Automation, in itself is not a bad thing. However, automation is dangerous when it’s used without discipline. Some of the attitudes I’ve observed around automation sound something like this:
- “I understand automated deployment is risky, so I test the software I deploy on a representative sample of my systems before doing large-scale automated deployment. Even then, I do the push in batches so I can contain the work if I run into a problem.”
- “I understand automated deployment is risky so I test the software I deploy on a few systems before I push the software to the rest of my systems.”
- “Automation is a real time-saver! Push, push, push!”
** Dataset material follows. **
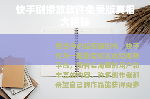 在当今的短视频时代,快手作为一款备受欢迎的短视频平台,拥有着海量的用户和丰富的内容,许多创作者都希望自己的作品能获得更多的播放量,从而提升自己的知名度和影响力,在这种需求下,所谓的快手刷播放软件免费版开始在网络上悄然出现。
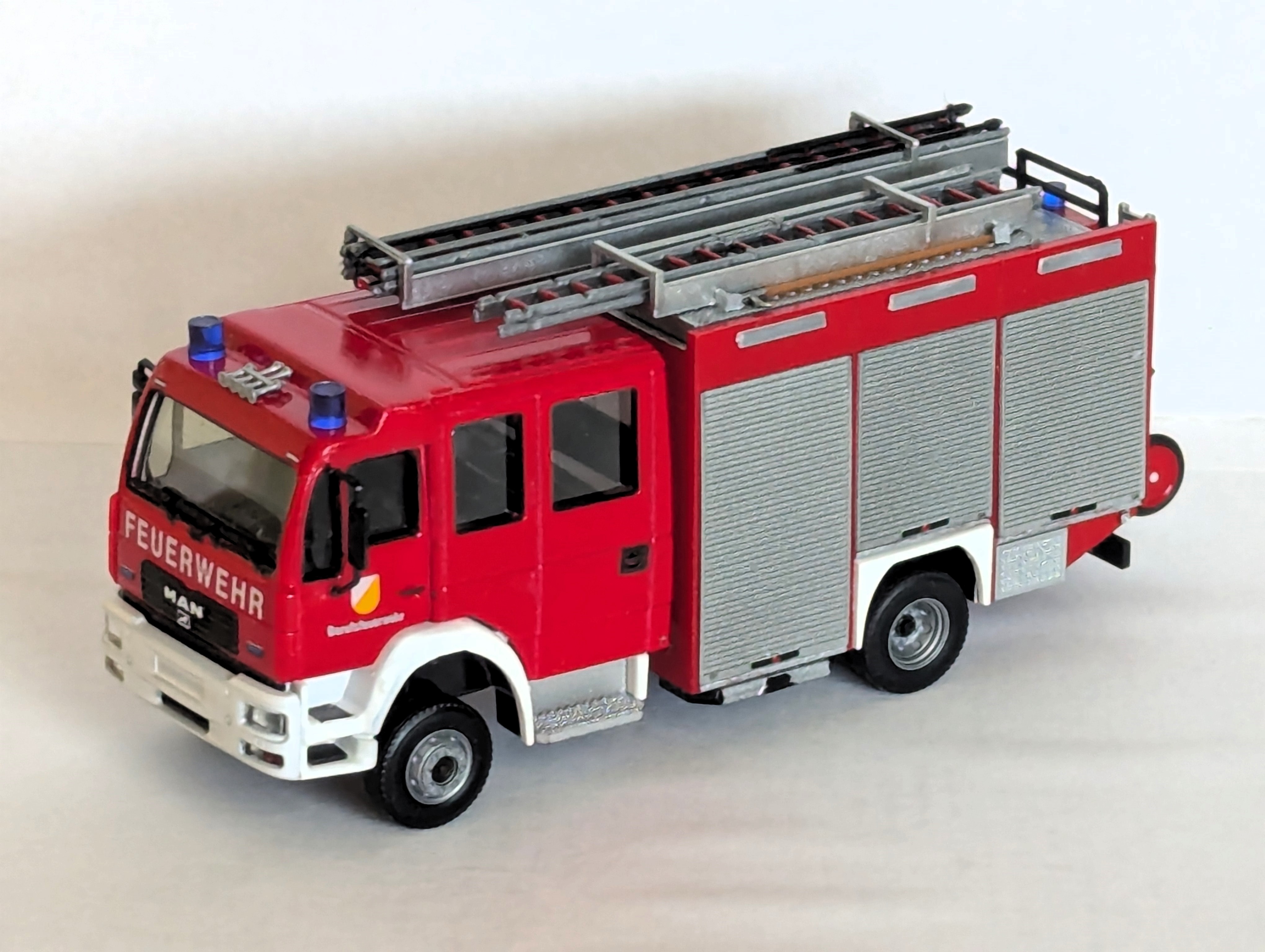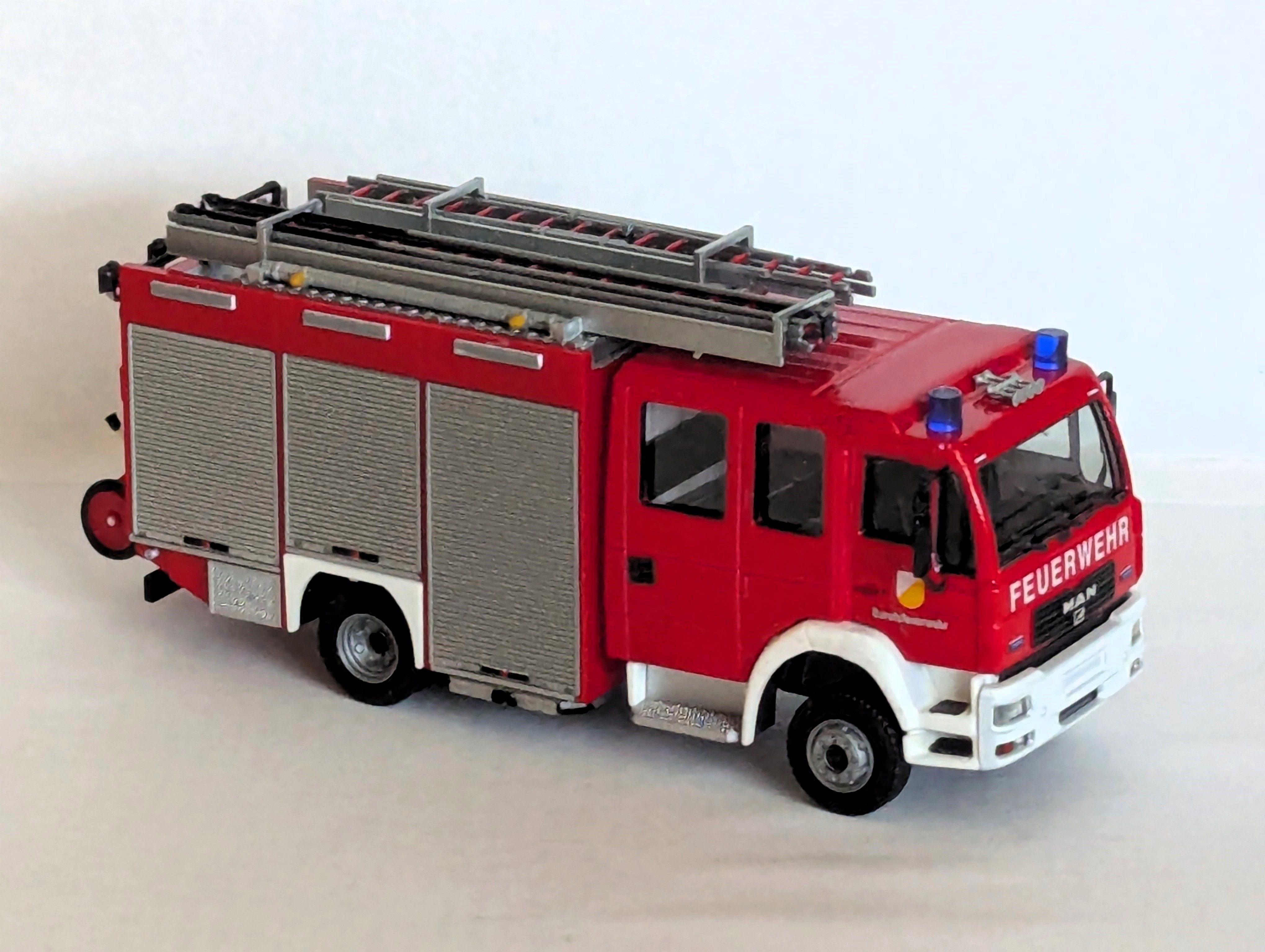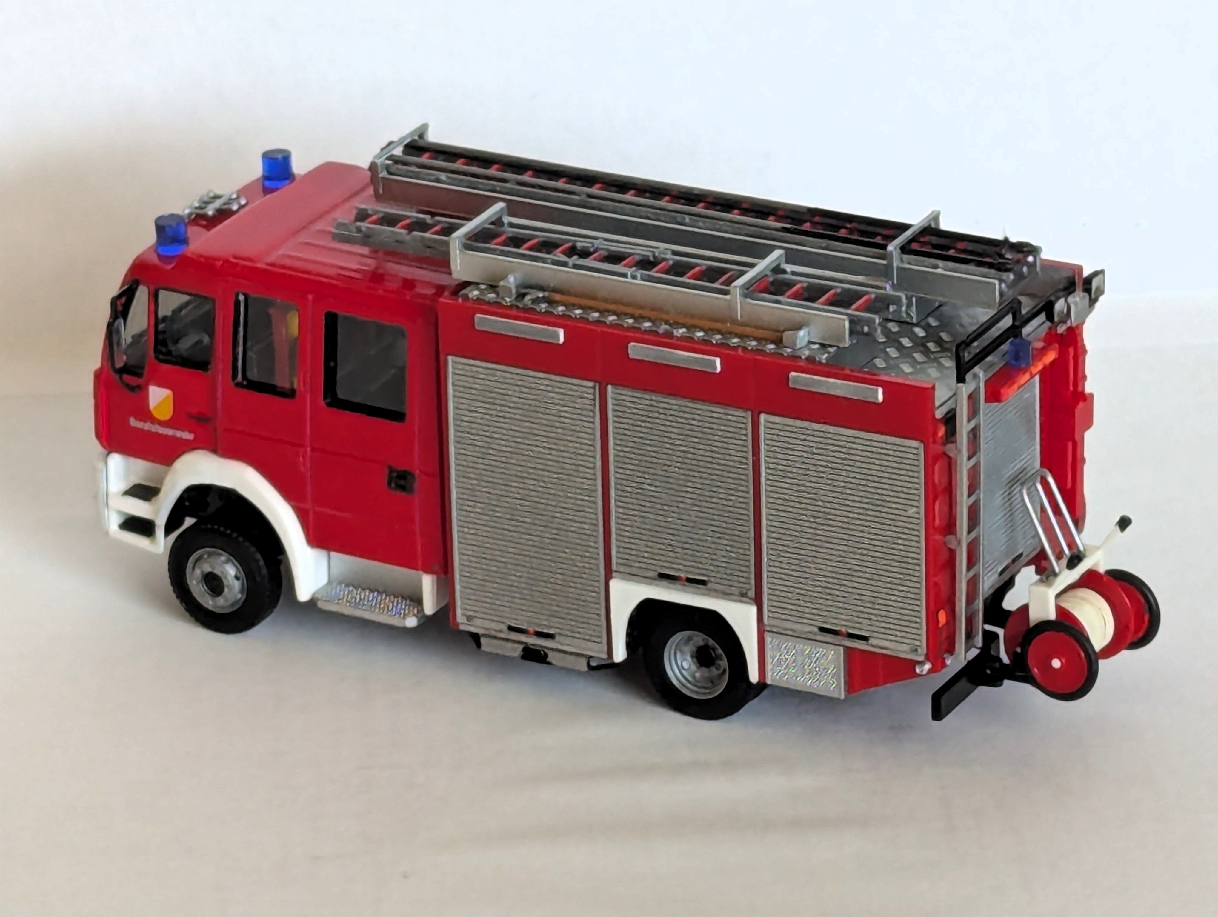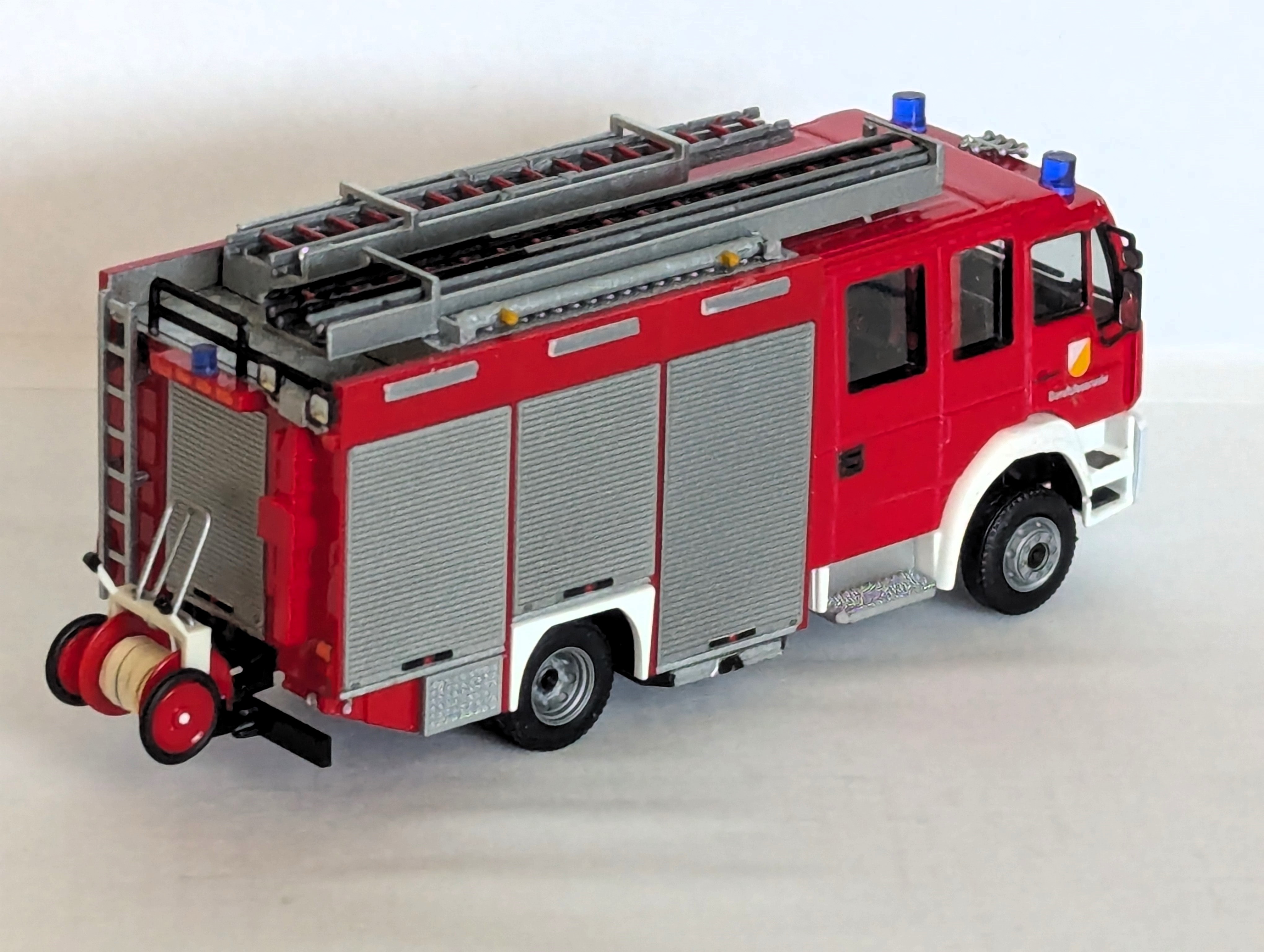 Dem Modell stand das LF 16/12 der Freiwilligen Feuerwehr Hofgeismar Pate. Ausgangsbasis bildet ein Rietze Eurofire LF 16/12 und ein herpa MAN LE Fahrerhaus. Mittels Tischkreissäge wurde das Iveco Fahrerhaus und die MAN Rückwand entfernt, so dass beide Kabinenteile unmittelbar hinter den Fahrerhaustüren zusammengefügt werden konnten. Das Dach des MAN Fahrerhauses wurde zuvor abgeschliffen; mittels Polystyrol-Platten und Spachtelmasse entstand ein neuer Dachaufsatz und Übergang zum Mannschaftsraum. Anschließend konnten die vorderen Kotflügel des MAN und der hintere Teil des Iveco zusammengefügt und verspachtelt werden. Der Rest ist trivial: nach dem Lackieren folgte das übliche Finish mit Kleinteilen und Decals aus der Krabbelkiste. Hier noch Bilder aus der Bauphase:

Of course, the tendency to blindly push new software out into the environment can be exacerbated by how lots of IT shops measure “success” – based on activity. Have you ever had an objective that sounds like “Deploy all patches within 24 hours of availability” in your MBO’s?
We often automate “In the name of security” but that seems like it’s taking the easy way out, to me. I’d rather see people analyze the risk vs. benefits of any change, including new software rollouts and patches, do more than cursory testing, and ensure that a recovery plan is in place in case the patch hits the fan.
I’m curious: how do these things look in your organization?